Pispili — Albanian Cornmeal Bake with Leeks & Cheese
- Dervis Kanina
- Mar 28
- 1 min read

Pispili is pure Albanian countryside cooking — a golden cornmeal bake filled with leeks, spring onions and white cheese. Made with only corn flour, no wheat at all, it's naturally gluten-free and has been a village staple for generations.
Ingredients
Serves 6–8 · Only corn flour — no wheat
Fine corn flour — 400g
Salt — 1 tsp
Baking powder — 1 tsp
Eggs — 2
Olive Oil — 80ml
Yoghurt — ~400g
Leeks finely sliced — 200g
Spring onions chopped — 2 bunches
White cheese crumbled — 300g
Method
Combine corn flour, salt and baking powder.
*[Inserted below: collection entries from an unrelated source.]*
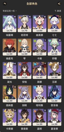 【男、57等、20金角、6金武】原神+崩壞星穹鐵道
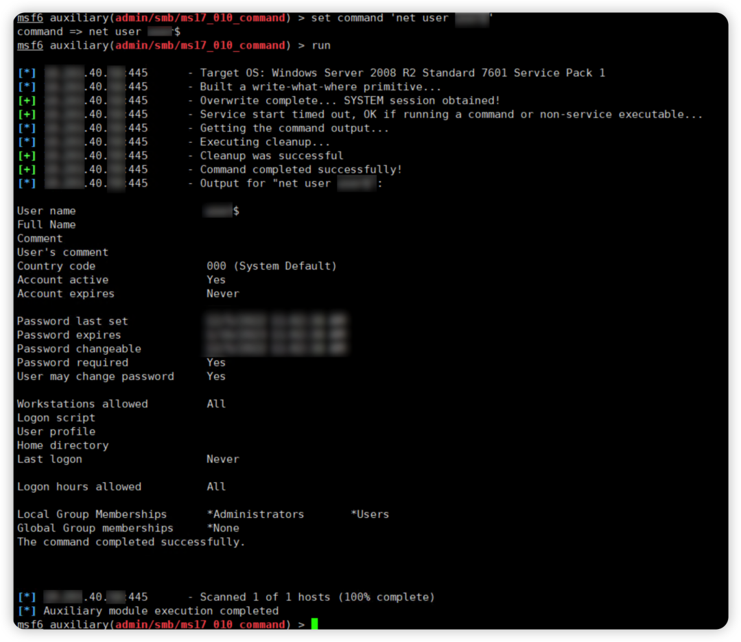 并且发现两台 DC,其中 40 的 DC 叫 AAA 域,30 的 DC 叫做 BBB 域,发现 AAA 域存在 17010,system 权限,可以执行命令,随后添加了一个隐藏用户并且添加到了管理员组:
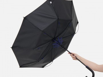 Легкий и невероятно прочный каркас из стеклопластика не боится порывов ветра. Сдержанный дизайн оживляет яркая деталь: цветные акценты на каркасе видны только при раскрытии зонта.
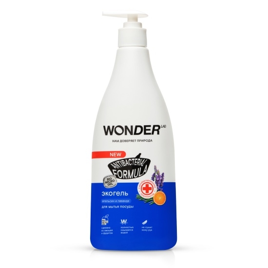 Гель для мытья посуды с антибактериальным эффектом защитит вас и вашу семью от бактерий. Средство для посуды WONDER LAB полностью смывается водой в считанные секунды, не оставляя пленки. Формула на основе натурального антибактериального комплекса с экстрактами эфирных масел бережно относится к коже рук, не сушит её и эффективно очищает посуду от бактерий. Средство образует пену, которая отлично удаляет жир и остатки пищи, не оставляя запаха и разводов.

Add eggs and oil. Mix well.
Add water or milk gradually until you have a smooth, pourable batter — it should flow easily.
Fold in leeks, spring onions and crumbled cheese.
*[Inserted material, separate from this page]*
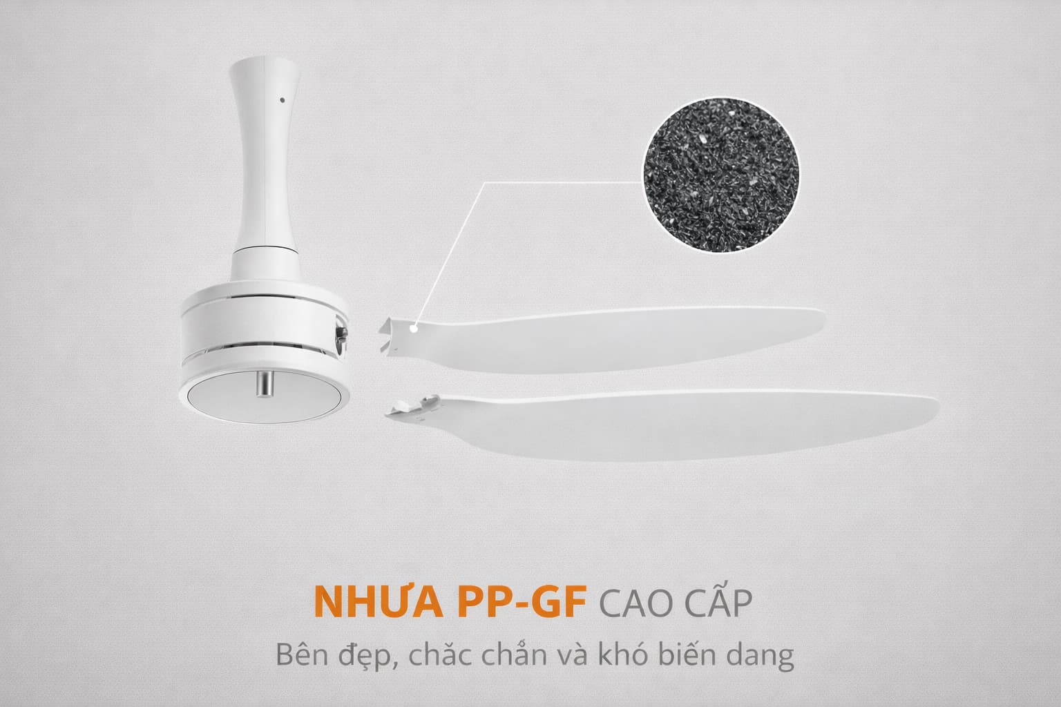 - Chất liệu nhựa PP-GF đột phá: Nanoco đã ứng dụng nhựa Polypropylene gia cường sợi thủy tinh (PP-GF) để chế tác cánh quạt. Đây là vật liệu thường thấy trong ngành công nghiệp ô tô nhờ đặc tính nhẹ nhưng có độ bền kéo cực cao, giúp cánh quạt giữ được biên dạng chuẩn xác, không bị biến dạng dưới áp lực gió ở tốc độ cao.

Pour into a well-oiled baking tray.
Bake at 180°C (350°F) for 35–40 minutes until set and golden on top.
Rest 10 minutes before cutting.
Dervis's Tip: The batter should be pourable — if it's too thick, the pispili will be dense. Add the liquid gradually until it flows easily off a spoon. Only corn flour, never wheat.